REQUIRED WORK
Every picture stays out; everything else in the listing below is to be returned exactly.

DATA EXCERPT
*** Block opens ***

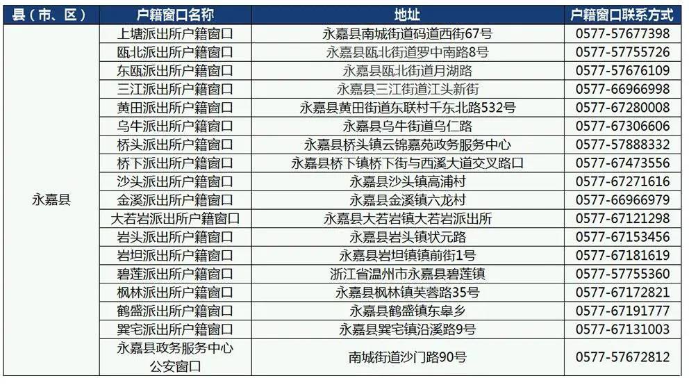 温州市永嘉县户籍窗口地址一览(永嘉户籍大厅电话号码)
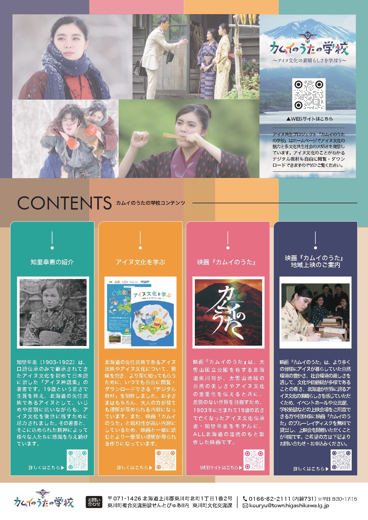 北海道東川町では、多様な文化と国内外の交流を推進し、多文化共生のまちづくりに取り組んでいます。その一環として、2023年には大雪山文化と、大雪山のふところで生きるアイヌの文化を広めるとともに、差別のない世界(=多文化共生社会)を次世代に伝えることを目的に、東川町とさまざまな機関・団体と連携して“オール北海道”で作り上げた映画「カムイのうた」を製作。2024年にその映画に込められた想いを、若い世代をはじめより多くの方に気軽に触れていただけるよう、㈱北海道新聞社と連携してアイヌ共生プロジェクト「カムイのうたの学校」を発足し、多文化共生社会の実現と継承に取り組んでいきます。
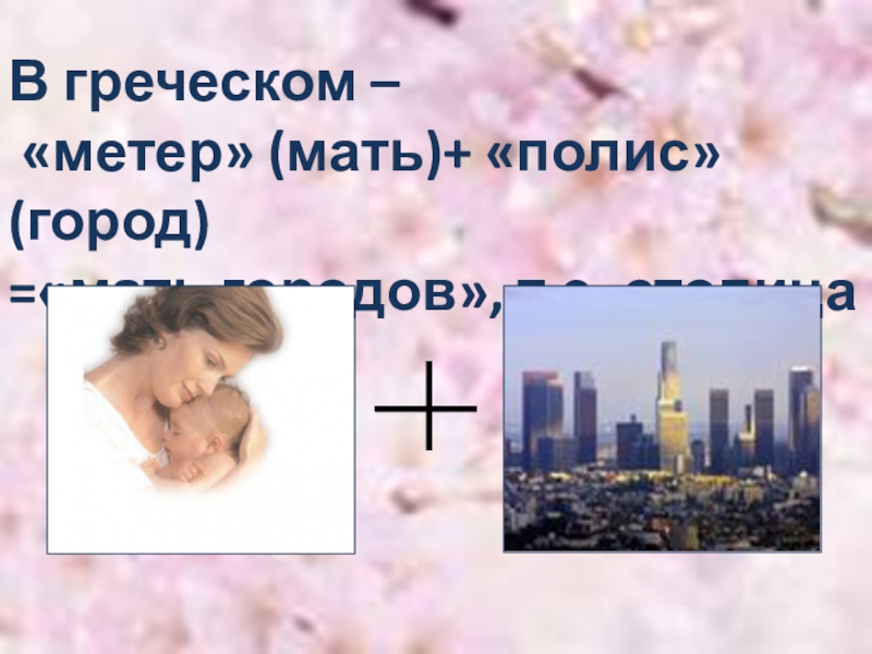 В греческом – «метер» (мать)+ «полис» (город) =«мать городов», т.е. столица
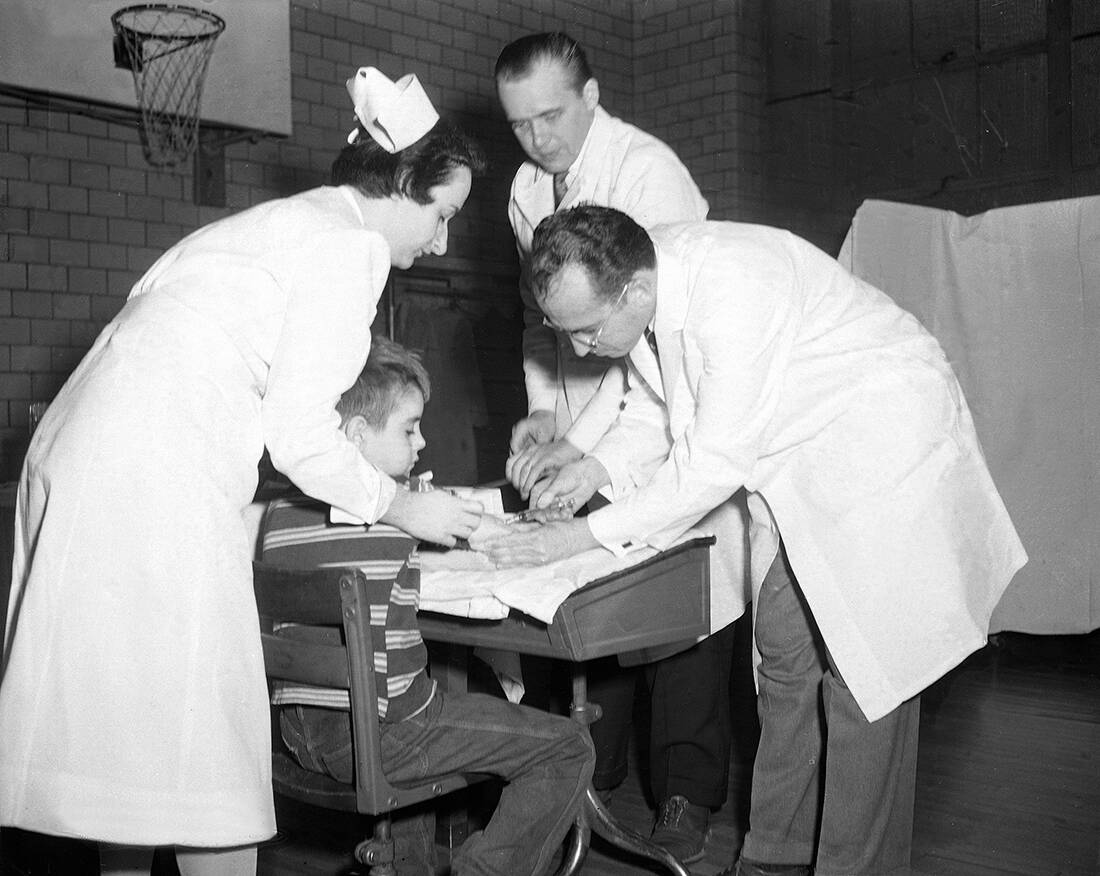Ωστόσο, το πρώτο ασφαλές και αποτελεσματικό εμβόλιο κατά της πολιομυελίτιδας ανακαλύφθηκε έναν αιώνα μετά την ανακάλυψη του ίδιου του ιού από τον Αμερικανό ιατρικό ερευνητή και ιολόγο Τζόνας Σολκ το 1955. Ο Σολκ αφιέρωσε τον εαυτό του στην έρευνα για την αντιμετώπιση της πολιομυελίτιδας για επτά ολόκληρα χρόνια, με επιτόπιες δοκιμές πειραματκού ελέγχου του εμβολίου οι οποίες συμπεριλάμβαναν 20.000 γιατρούς και δημόσιους λειτουργούς υγείας, 64.000 άτομα προσωπικού σχολείων και 220.000 εθελοντές, ενώ στη δοκιμή συμμετείχαν περισσότερα από 1.800.000 παιδιά. Η επίσημη ανακοίνωση των θετικών αποτελεσμάτων του εμβολίου πραγματοποιήθηκε τον Απρίλιο του 1955 και ο ίδιος ο Σολκ αντιμετωπίστηκε σαν «θαυματοποιός».

*** Block closes ***

SOLUTION TO THIS TASK
 温州市永嘉县户籍窗口地址一览(永嘉户籍大厅电话号码)
 北海道東川町では、多様な文化と国内外の交流を推進し、多文化共生のまちづくりに取り組んでいます。その一環として、2023年には大雪山文化と、大雪山のふところで生きるアイヌの文化を広めるとともに、差別のない世界(=多文化共生社会)を次世代に伝えることを目的に、東川町とさまざまな機関・団体と連携して“オール北海道”で作り上げた映画「カムイのうた」を製作。2024年にその映画に込められた想いを、若い世代をはじめより多くの方に気軽に触れていただけるよう、㈱北海道新聞社と連携してアイヌ共生プロジェクト「カムイのうたの学校」を発足し、多文化共生社会の実現と継承に取り組んでいきます。
 В греческом – «метер» (мать)+ «полис» (город) =«мать городов», т.е. столица
Ωστόσο, το πρώτο ασφαλές και αποτελεσματικό εμβόλιο κατά της πολιομυελίτιδας ανακαλύφθηκε έναν αιώνα μετά την ανακάλυψη του ίδιου του ιού από τον Αμερικανό ιατρικό ερευνητή και ιολόγο Τζόνας Σολκ το 1955. Ο Σολκ αφιέρωσε τον εαυτό του στην έρευνα για την αντιμετώπιση της πολιομυελίτιδας για επτά ολόκληρα χρόνια, με επιτόπιες δοκιμές πειραματκού ελέγχου του εμβολίου οι οποίες συμπεριλάμβαναν 20.000 γιατρούς και δημόσιους λειτουργούς υγείας, 64.000 άτομα προσωπικού σχολείων και 220.000 εθελοντές, ενώ στη δοκιμή συμμετείχαν περισσότερα από 1.800.000 παιδιά. Η επίσημη ανακοίνωση των θετικών αποτελεσμάτων του εμβολίου πραγματοποιήθηκε τον Απρίλιο του 1955 και ο ίδιος ο Σολκ αντιμετωπίστηκε σαν «θαυματοποιός».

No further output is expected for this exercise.